Shmi comments on AI box: AI has one shot at avoiding destruction—what might it say?

Shmi 25 Jan 2013 21:45 UTC
0 points
The more I look at the comments, the more I am convinced that the AI Box experiment is too weak a demonstration of transhuman powers. Most of the proposals here fall under this basic trope (feel free to give a tvtropes link): to achieve what AI claims, it’d have to have powers formidable enough to not need the gatekeeper’s help getting out of the box in the first place. Given that, why would an AI need to talk to the gatekeeper at all?

So I suggest a modified AI boxing experiment: the gatekeeper designs an AI box with no communication channel at all. It will still have an AI inside and enough initial data fed in for the AI to foom. The AI will attempt to break out of the box by any and all means possible.
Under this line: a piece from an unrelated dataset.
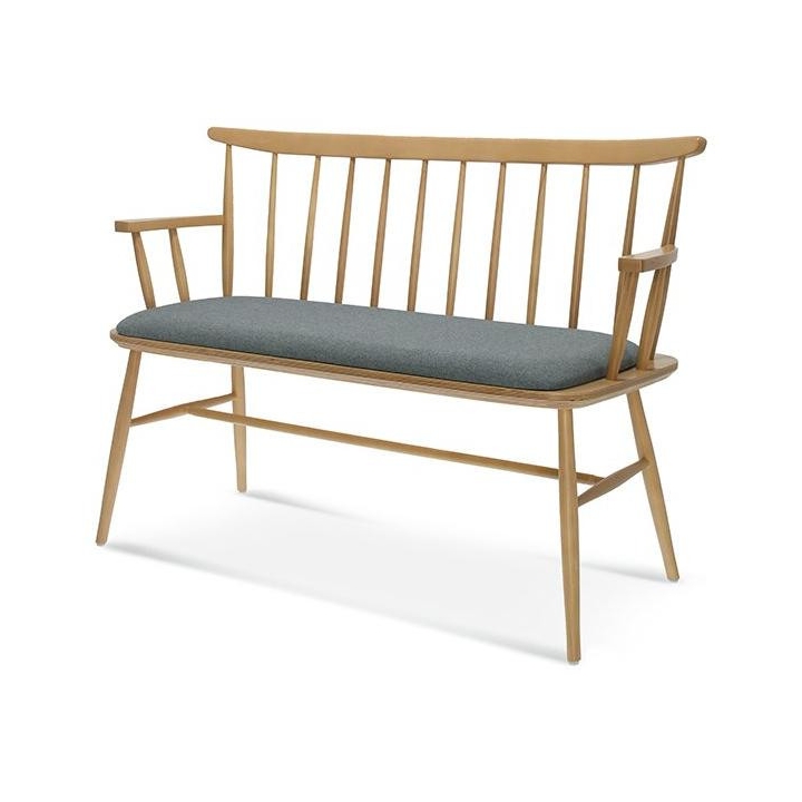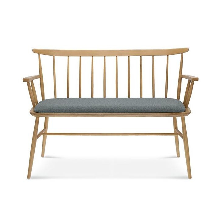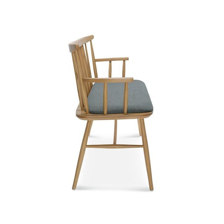 Wand is a stylish sofa designed in a fashionable vintage style. Comfort in use is ensured by the contoured design, the slender hand-cut backrest tiers and the comfortable upholstered seat. The furniture is distinguished by its slender form and legs, which have a delicate spindle shape. Thanks to the wide range of wood colours, you can match the furniture to almost any arrangement. The Wand sofa charms with its universal character and timeless elegance.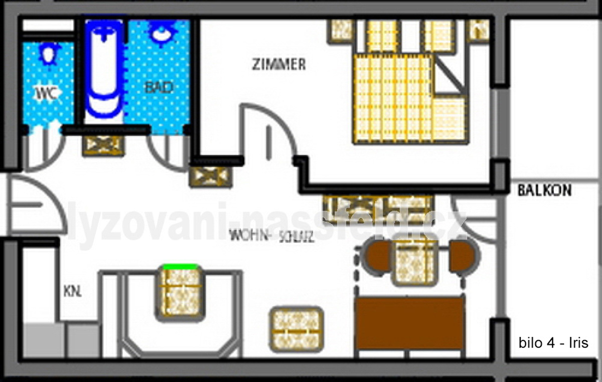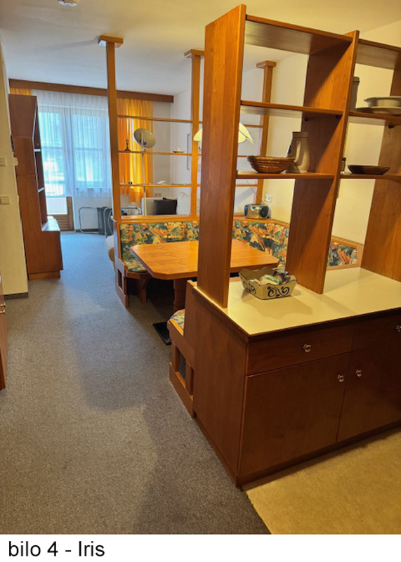 41 m² - spálňa s manželskou posteľou, obývacia izba s kuchynským kútom a rozkladacím gaučom pre 2 osoby, predsieň, sociálne zariadenie, oddelené WC, balkón; apartmán je na 3. poschodí

Here is a relevant previous thread.
What links here?
- Shmi's comment on Isolated AI with no chat whatsoever by ancientcampus (28 Jan 2013 20:46 UTC; 11 points)
- [deleted] 25 Jan 2013 22:01 UTC
  5 points
  Parent
  So, we’re being asked to imagine an arbitrary superhuman AI whose properties and abilities we can’t guess at except to specify arbitrarily, is trying to get out of a box whose security protocols and strength we can’t guess at except to specify arbitrarily, and trying to decide whether it does?
  
  Meh. Superman vs Batman is more entertaining.
  What links here?
  - Shmi's comment on Isolated AI with no chat whatsoever by ancientcampus (28 Jan 2013 20:46 UTC; 11 points)
  - Shmi 25 Jan 2013 22:14 UTC
    2 points
    Parent
    Feel free to modify it in a way that makes sense to you.
    - handoflixue 26 Jan 2013 0:03 UTC
      0 points
      Parent
      I always took the AI Box as being a specific subset of the meta-question: how can we be sure the AI is friendly?
      
      “How do we completely isolate the AI” seems senseless since then we get ZERO information and have ZERO chance of releasing it, so why not save time and just not build the AI?
      
      And, of course, I’d expect any reasonable approach to the meta-question to be more a matter of math and logic, and probably something where we don’t even have the framework to start directly answering it. Certainly not a forum game :)
      
      On the other hand, games are fun, and they get people thinking, so coming up with new games that genuinely help us to frame the problem is still probably useful! And if not, I’ll still probably have fun playing them. It’s why I love this variant of the AI Box—it’s a quick, easy, and fun game that still taught me a lot about what I’d consider to be evidence-of-friendlines, what I was looking for as the gatekeeper :)
      - Shmi 26 Jan 2013 0:46 UTC
        3 points
        Parent
        
        I always took the AI Box as being a specific subset of the meta-question: how can we be sure the AI is friendly?
        
        And that subset was a demonstration that an unfriendly AI is unlikely be containable even if the communication channel is text-only.
        
        “How do we completely isolate the AI” seems senseless since then we get ZERO information and have ZERO chance of releasing it, so why not save time and just not build the AI?
        
        Of course completely isolating an AI is senseless. My (poorly expressed) point was that an AGI can probably get out regardless of the communication channel provided. Since we cannot go through all possible communication channels, I suggested that we simply block all channels and demonstrate that it can get out anyway. This would require someone designing a containment setup and someone else pointing out flaws in it. Security professionals do that every day.
        handoflixue 30 Jan 2013 21:40 UTC
        0 points
        Parent
        
        Security professionals do that every day.
        
        Yes, but their constraints are based on the real world, whereas this one has a God-like AI which can gain control of a satellite by hacking the electrical system and then using the solar panels as sails… you’ve sort of assumed AI victory, and you’ve even stated this explicitly.
        
        I see some benefit to a few quick examples like that, but I can’t see how it’s anything but tedious to keep going once you’ve established it can hijack the satellite and then mind control the ISS using morse code.
        
        There’s nothing to learn, since the answer is always “The AI wins”, and you can replace the human player with a rock and get the same result. Games where one player can be replaced with a rock aren’t fun! :)
  - David_Gerard 28 Jan 2013 21:23 UTC
    1 point
    Parent
    
    So, we’re being asked to imagine an arbitrary superhuman AI whose properties and abilities we can’t guess at except to specify arbitrarily
    
    Quite a lot of discussion concerning the future superintelligent AI is of this sort: “we can’t understand it, therefore you can’t prove it wouldn’t do any arbitrary thing I assert.” This already makes discussion difficult.